Not everyone is satisfied with the metaphorical treatment of racism pursued by some SF. I can remember arguing with a friend at college about Star Trek, and how the series explored racial tension and prejudice through Mr Spock. Despite being half-human, Spock was still an outsider, distrusted by many of his human crewmates. My friend believed instead that the series should have been more explicit and specifically explored anti-Black racism. More recently there has been the rise of Black SF writers, who use their work to address issues of race and the Black experience. An anthology of their work was published back in the 1990s as Dark Matters, a pun on the dark matter of astronomy, that is supposed to give the universe its missing mass.
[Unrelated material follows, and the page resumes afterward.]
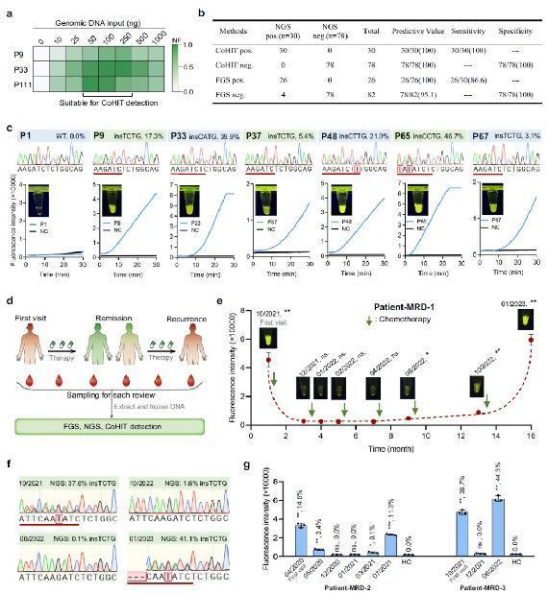 圖3 | 使用CoHIT系統(tǒng)檢測臨床樣本和MRD

Even if not explicit, the metaphorical approach allows writers to say what otherwise may not be said, as in the former Soviet Union. There, writers such as the Strugatsky brothers used the ‘Aesopian’ mode – SF as fable – to attack conditions in the Communist state, which would have been subject to censorship and severe punishment if said openly. Over in the capitalist world, the political situation was much freer, but there were still limits to what could be portrayed. Star Trek featured the first interracial kiss, between Kirk and Lt. Uhuru in the episode ‘Plato’s Stepchildren’, but the network faced deep opposition from broadcasters in the Deep South. An indirect treatment also allows people to think about or accept ideas, which they would have rejected through a more straightforward treatment of the subject. Some readers may have been more receptive to anti-racist ideas if presented in the form of aliens than through an explicit treatment of colour prejudice against Blacks and other races.

This anthology, then, promises to be very interesting reading both through the tales themselves, and what they have to say about the times in which they were written. Times in which Science Fiction was joining the other voices denouncing racism and demanding equality and freedom for all, human and non-human.